To do: Could you restate all of the records below exactly, with the pictures left out?

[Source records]
- - -

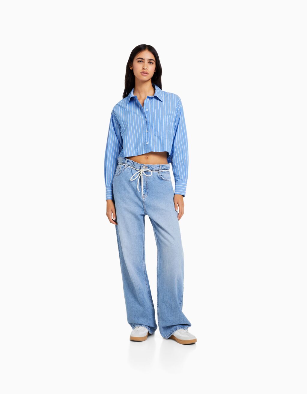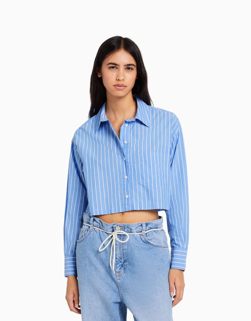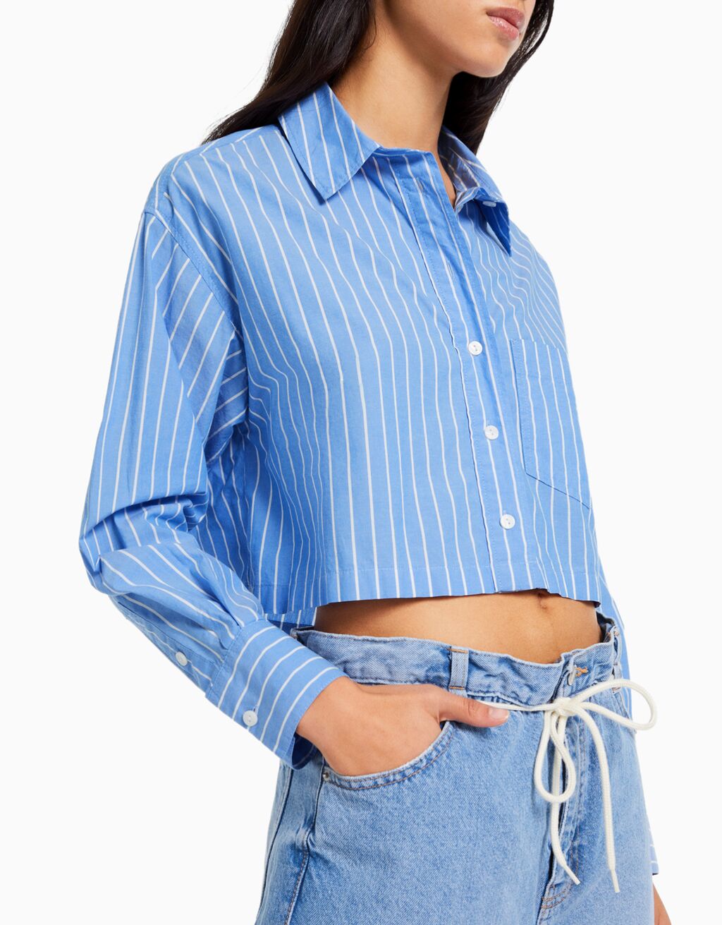 Long sleeve cropped poplin shirt
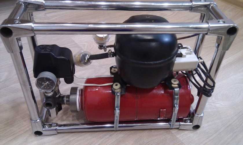 Чтобы сконструировать компрессор воздушный своими руками, нужно хорошо продумать план действий, создать схему, подобрать или докупить какие-то комплектующие. Рассмотрим, как сделать компрессор своими руками, используя оборудование от старого холодильника и огнетушителя.
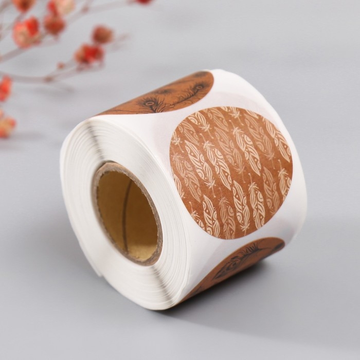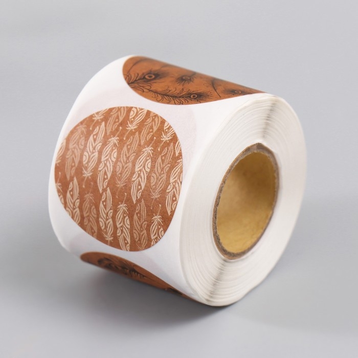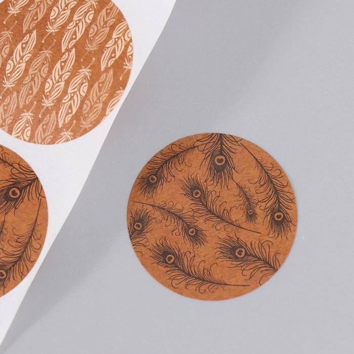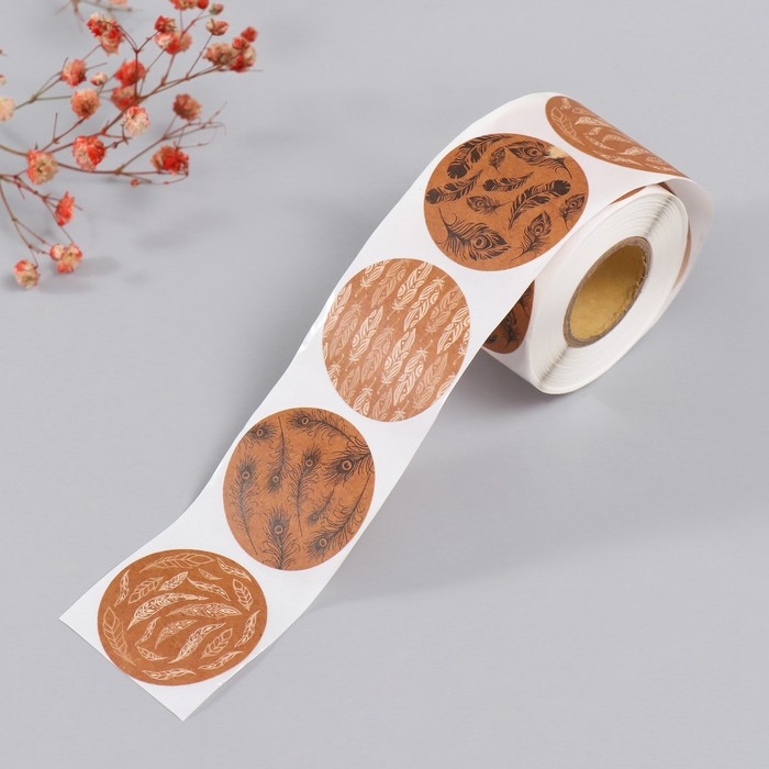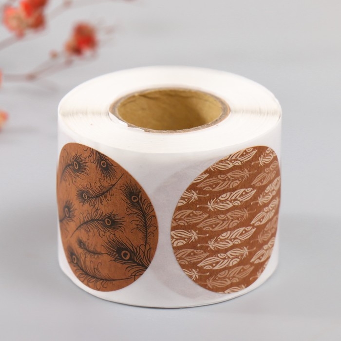 Наклейка бумага "Перья" крафт d=3,8 см 252 шт в рулоне
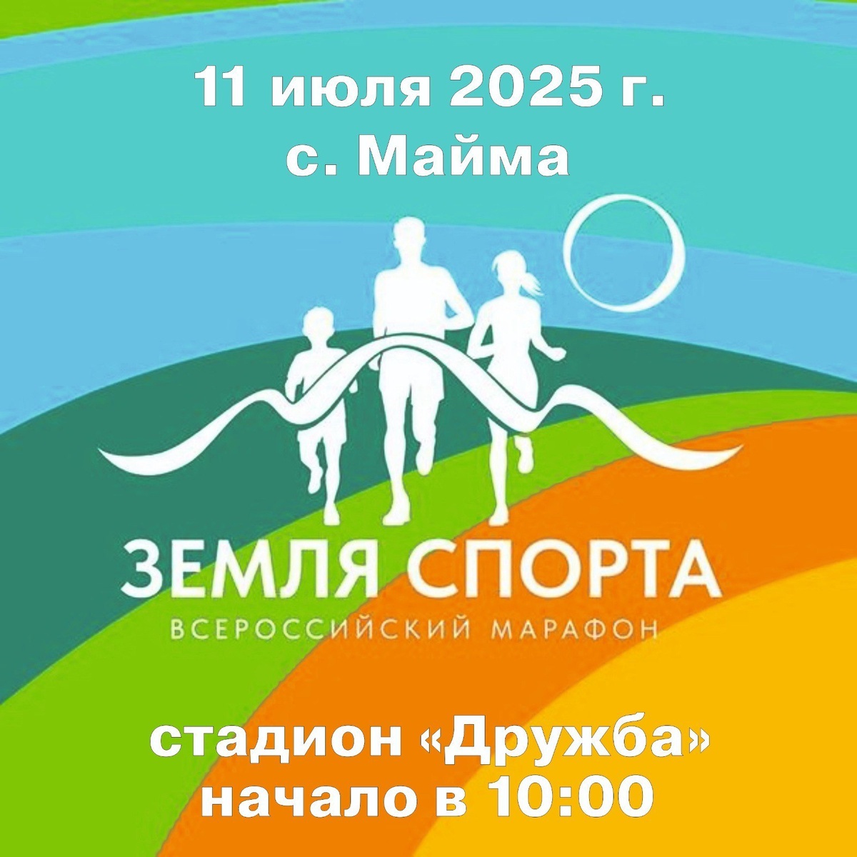11 июля в с. Майма на стадионе «Дружба» пройдёт региональный этап Всероссийского Марафона спорта и здорового образа жизни «Земля спорта». В спортивных состязаниях примут участие команды муниципальных образований Республики Алтай. В программе спортивного мероприятия - волейбол, мини-футбол, силовой экстрим, тестирование ГТО, семейные старты.
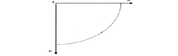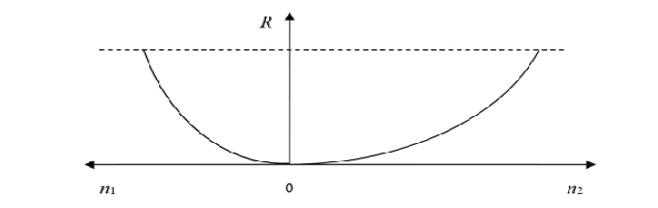 На рис. 4 приведено графическое отображение этой зависимости только для одного фиксированного значения тяги R, где ему соответствует совокупность всех точек n1 и n2, т. е. четверть эллипса.
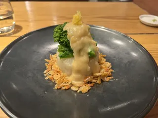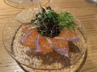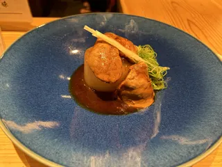 オランダサーモンのカルパッチョ 左上にあるマヨネーズみたいなやつが、なんかキャラメルっぽくて美味!何かと思えばクリームチーズ醤油漬けのペーストだそうで…余ったのをちびちびとやりながらお酒が飲める! …で、次メニュー名何だったかな💦ダシのジュレの上に水ナス、オクラ、鱧の梅和えがのってて、さっぱりとしてちょっと豪華な箸休め。
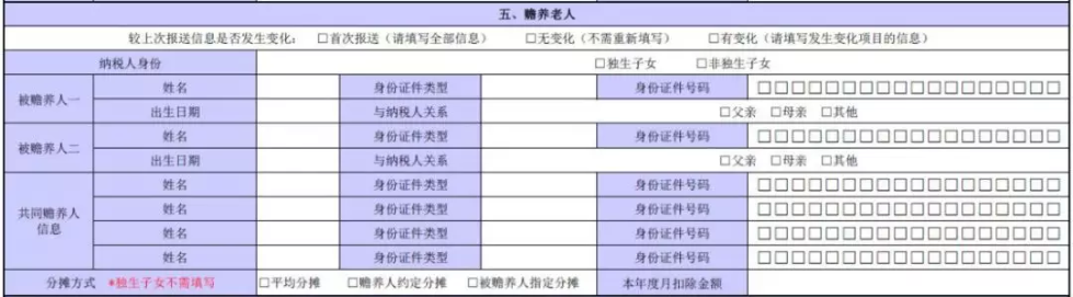 贍養(yǎng)老人一欄中,共同贍養(yǎng)人填寫時(shí)注意,納稅人為非獨(dú)生子女時(shí)填寫本欄,獨(dú)生子女無須填寫。
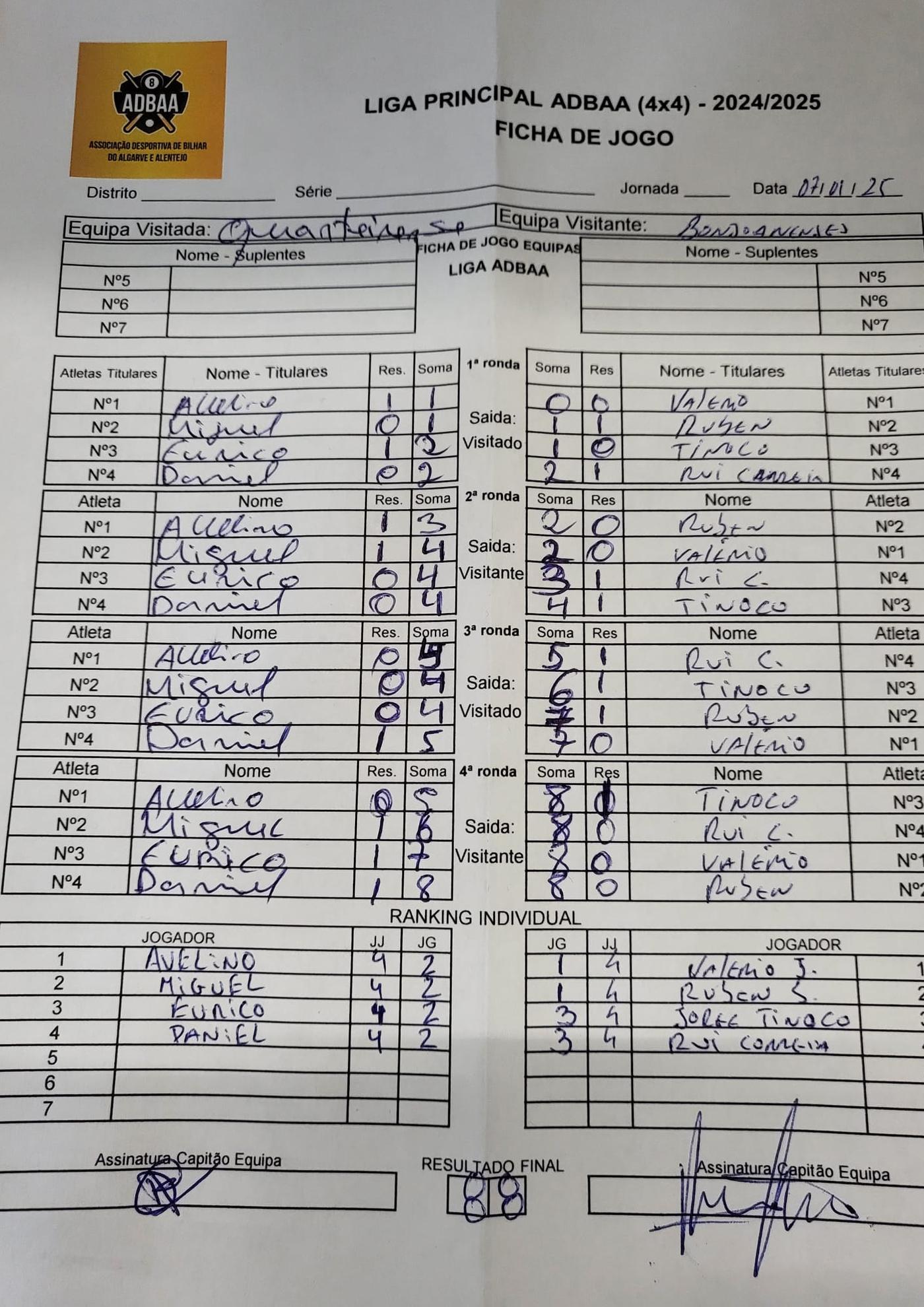 11 | 72 | QUARTEIRENSE SNACK BAR BOLA 8 | 8-8 | CF OS BONJOANENSES | 07/01/2025 | <Sem observações> |
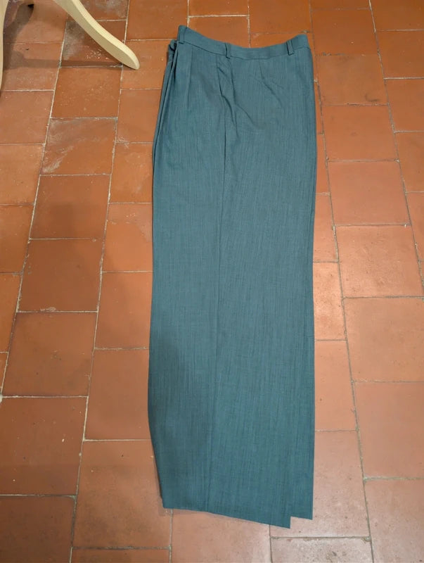 Die Hose hingegen ist weit geschnitten, hat doppelte Bundfalten und einen sehr hohen Bund.
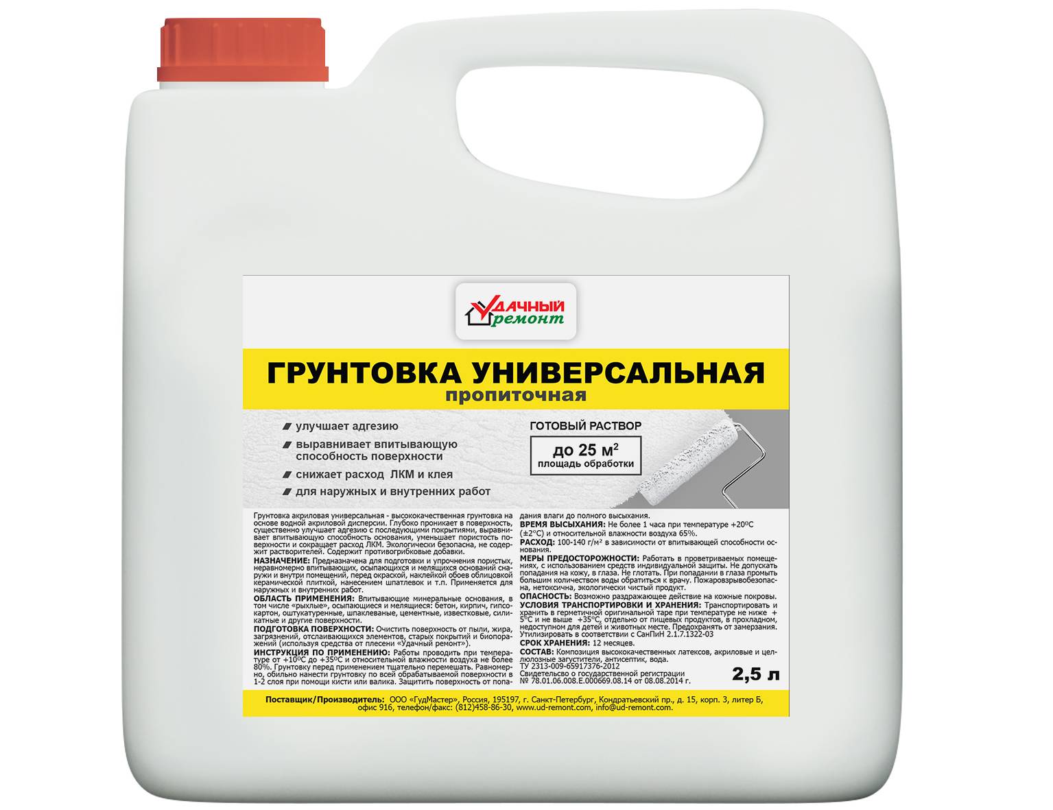 Грунт, наносимый под водоэмульсионную краску, снижает гигроскопичность основания, что приводит к более равномерному распределению краски на поверхности, усилению прочности покрытия, увеличению срока износа.
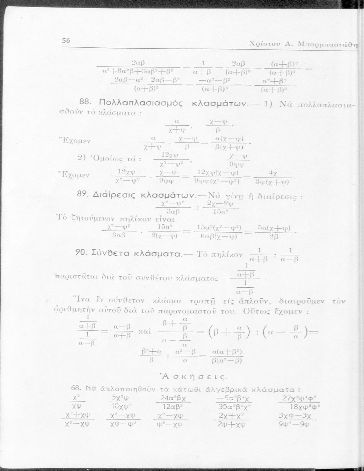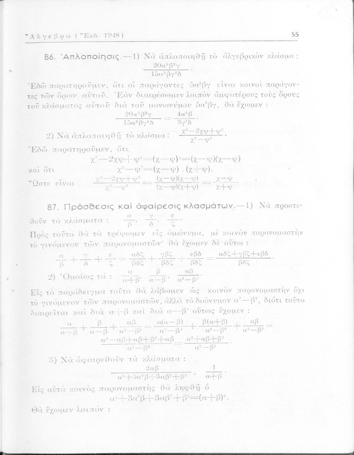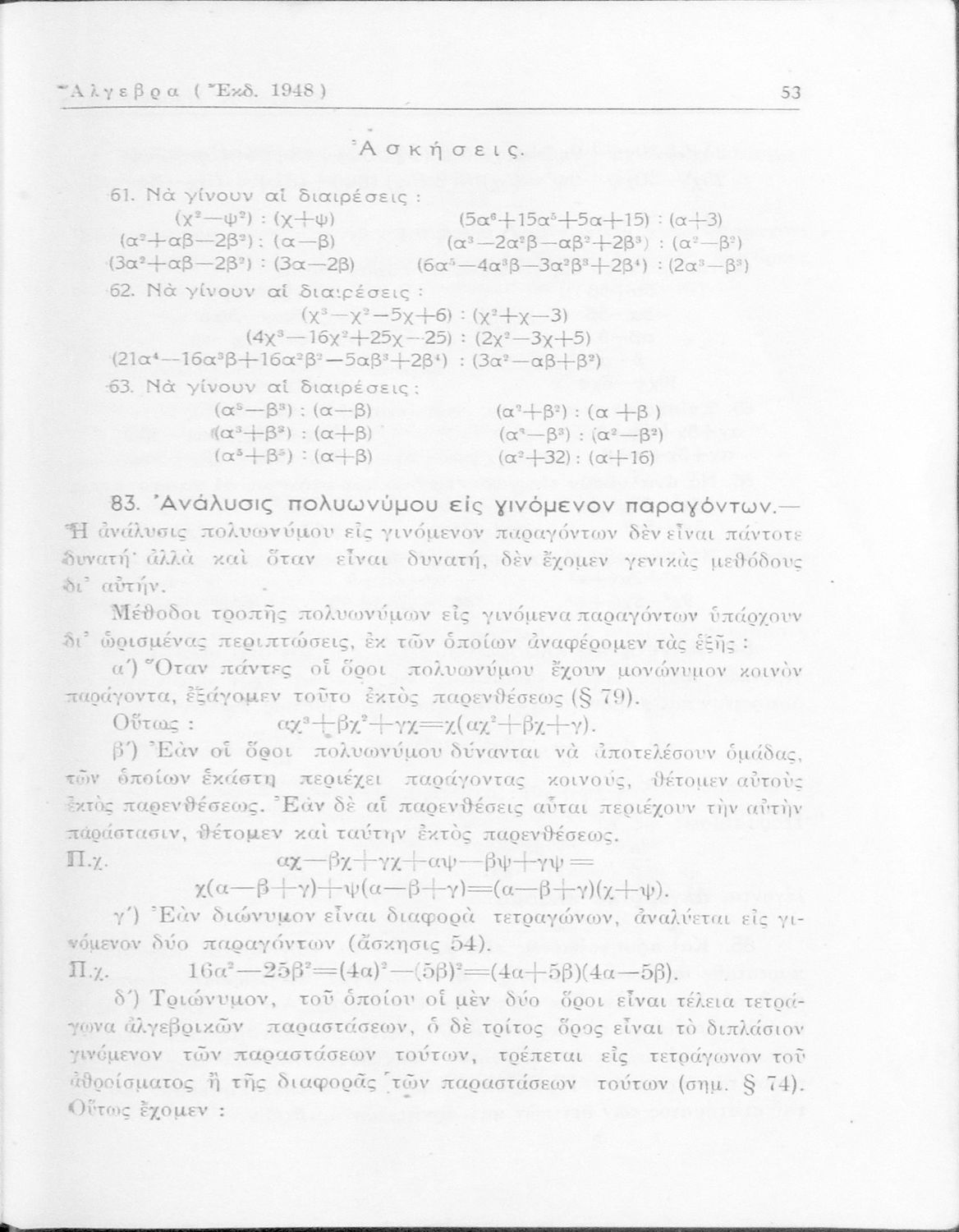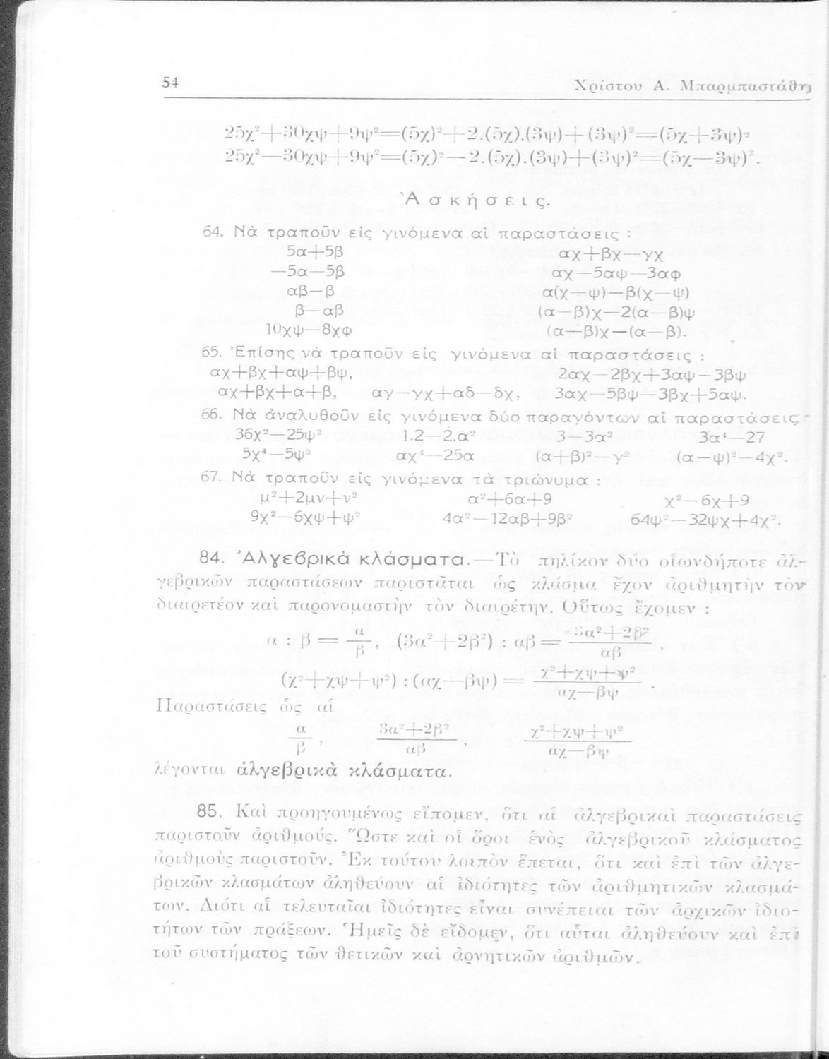Άλγεβρα δια τας ανωτέρας τάξεις των Γυμνασίων

- - -

Result for this task:
 Long sleeve cropped poplin shirt
 Чтобы сконструировать компрессор воздушный своими руками, нужно хорошо продумать план действий, создать схему, подобрать или докупить какие-то комплектующие. Рассмотрим, как сделать компрессор своими руками, используя оборудование от старого холодильника и огнетушителя.
 Наклейка бумага "Перья" крафт d=3,8 см 252 шт в рулоне
11 июля в с. Майма на стадионе «Дружба» пройдёт региональный этап Всероссийского Марафона спорта и здорового образа жизни «Земля спорта». В спортивных состязаниях примут участие команды муниципальных образований Республики Алтай. В программе спортивного мероприятия - волейбол, мини-футбол, силовой экстрим, тестирование ГТО, семейные старты.
 На рис. 4 приведено графическое отображение этой зависимости только для одного фиксированного значения тяги R, где ему соответствует совокупность всех точек n1 и n2, т. е. четверть эллипса.
 オランダサーモンのカルパッチョ 左上にあるマヨネーズみたいなやつが、なんかキャラメルっぽくて美味!何かと思えばクリームチーズ醤油漬けのペーストだそうで…余ったのをちびちびとやりながらお酒が飲める! …で、次メニュー名何だったかな💦ダシのジュレの上に水ナス、オクラ、鱧の梅和えがのってて、さっぱりとしてちょっと豪華な箸休め。
 贍養(yǎng)老人一欄中,共同贍養(yǎng)人填寫時(shí)注意,納稅人為非獨(dú)生子女時(shí)填寫本欄,獨(dú)生子女無須填寫。
 11 | 72 | QUARTEIRENSE SNACK BAR BOLA 8 | 8-8 | CF OS BONJOANENSES | 07/01/2025 | <Sem observações> |
 Die Hose hingegen ist weit geschnitten, hat doppelte Bundfalten und einen sehr hohen Bund.
 Грунт, наносимый под водоэмульсионную краску, снижает гигроскопичность основания, что приводит к более равномерному распределению краски на поверхности, усилению прочности покрытия, увеличению срока износа.
Άλγεβρα δια τας ανωτέρας τάξεις των Γυμνασίων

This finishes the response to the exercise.